─── The records ───

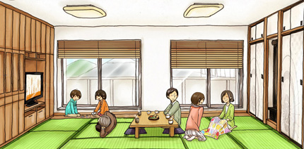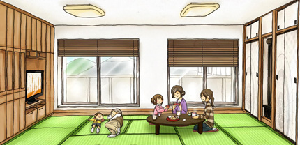 畳は部屋やコーナーを多用途に利用できます。椅子やテーブル式の洋間は、なんとなくその部屋やコーナーの用途を限定してしまいますが、畳なら、あるときは茶の間になり、あるときは寝室になり、あるときは作業場になりと、必要なシーンに応じた使い方ができるんです。
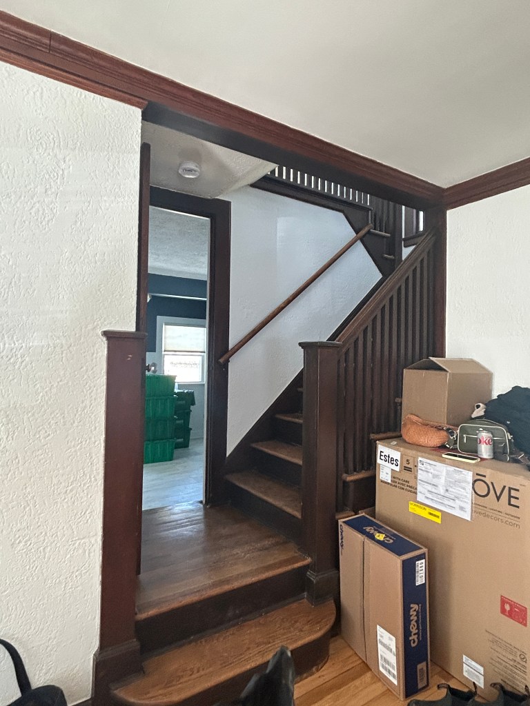 My oldest daughter and her husband finally said goodbye to city living this week as she moved from NYC into a 100 year old house (in a NYC suburb) that they purchased in December. I’ve spent some time helping as needed (mostly babysitting the puppy to keep her out of the way!). Sewing has taken a back seat to endless conversations about paint colors and whatnot. When people ask her if she is renovating, she politely responds, “NO, we are restoring”. I am just in love with all the red oak crown moulding, picture rails and plastered walls!
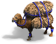 “承载易燃的干草的燃烧骆驼,对坚固的部队造成额外伤害,尤其大象,对射手和步兵较弱,使用时会自爆”
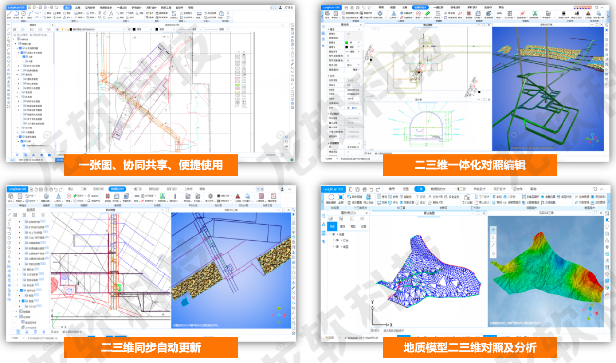 二三維一體化處理:基于云端同源數(shù)據(jù),提供同屏、雙向同步的二維、三維一體化應用,自動構(gòu)建礦山巷道、煤層、構(gòu)造、鉆孔等各類三維模型,提供二三維同步跟隨、對照編輯、自動更新等便捷應用。
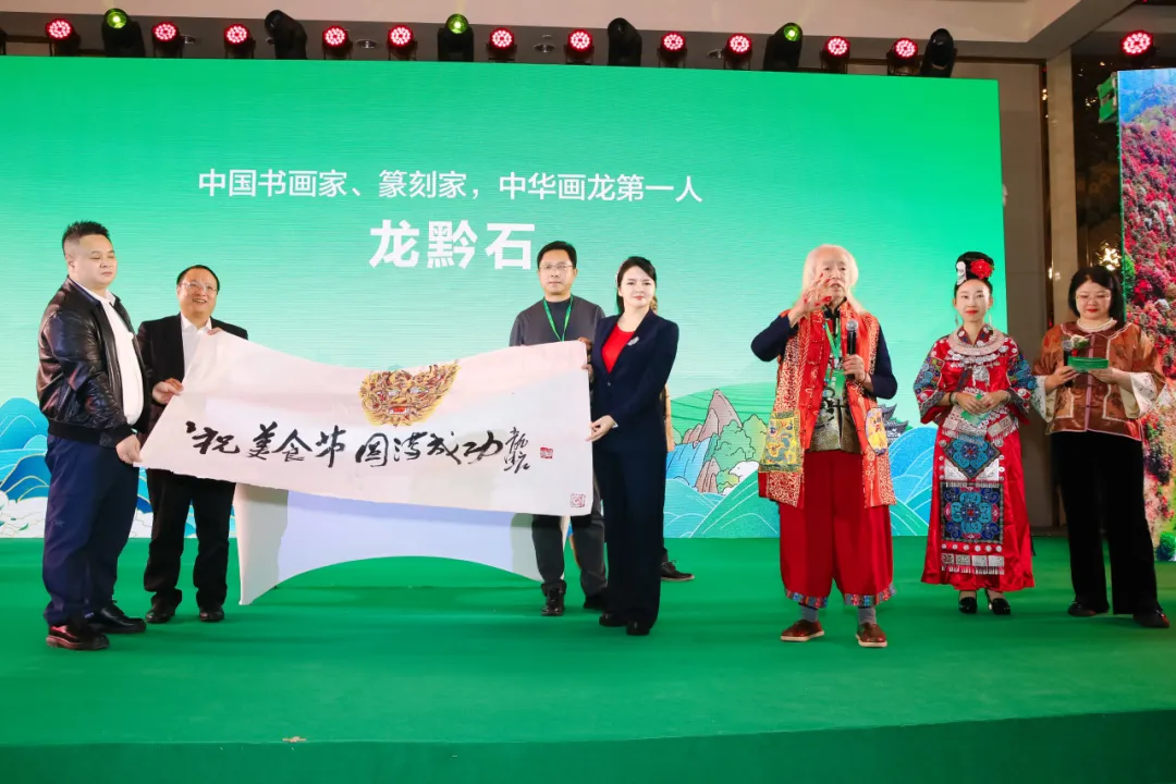 当晚的黔菜民族长桌盛宴成为活动的高潮。非遗美食贵州酸汤鱼、带皮黄牛肉、高原生态酸菜炒魔芋、健康养生折耳根腊肉、国家地理标志产品铜仁花生米、下饭神器脆哨土豆丁等地道佳肴,令宾客大快朵颐。恋爱豆腐果、大方手撕豆腐、清镇小黄粑、安顺小裹卷、都匀茶香鸭、贵阳辣子鸡、贵州烙锅、安顺夺夺粉、扎佐酸菜蹄膀、鸭爪火锅、农家腊肉香肠等琳琅满目的特色小吃,每一道都承载着浓郁的贵州风情与精彩故事。

───

● **Problem requirements**: Output everything in the records exactly, leaving pictures out.

● **Response**:
 畳は部屋やコーナーを多用途に利用できます。椅子やテーブル式の洋間は、なんとなくその部屋やコーナーの用途を限定してしまいますが、畳なら、あるときは茶の間になり、あるときは寝室になり、あるときは作業場になりと、必要なシーンに応じた使い方ができるんです。
 My oldest daughter and her husband finally said goodbye to city living this week as she moved from NYC into a 100 year old house (in a NYC suburb) that they purchased in December. I’ve spent some time helping as needed (mostly babysitting the puppy to keep her out of the way!). Sewing has taken a back seat to endless conversations about paint colors and whatnot. When people ask her if she is renovating, she politely responds, “NO, we are restoring”. I am just in love with all the red oak crown moulding, picture rails and plastered walls!
 “承载易燃的干草的燃烧骆驼,对坚固的部队造成额外伤害,尤其大象,对射手和步兵较弱,使用时会自爆”
 二三維一體化處理:基于云端同源數(shù)據(jù),提供同屏、雙向同步的二維、三維一體化應用,自動構(gòu)建礦山巷道、煤層、構(gòu)造、鉆孔等各類三維模型,提供二三維同步跟隨、對照編輯、自動更新等便捷應用。
 当晚的黔菜民族长桌盛宴成为活动的高潮。非遗美食贵州酸汤鱼、带皮黄牛肉、高原生态酸菜炒魔芋、健康养生折耳根腊肉、国家地理标志产品铜仁花生米、下饭神器脆哨土豆丁等地道佳肴,令宾客大快朵颐。恋爱豆腐果、大方手撕豆腐、清镇小黄粑、安顺小裹卷、都匀茶香鸭、贵阳辣子鸡、贵州烙锅、安顺夺夺粉、扎佐酸菜蹄膀、鸭爪火锅、农家腊肉香肠等琳琅满目的特色小吃,每一道都承载着浓郁的贵州风情与精彩故事。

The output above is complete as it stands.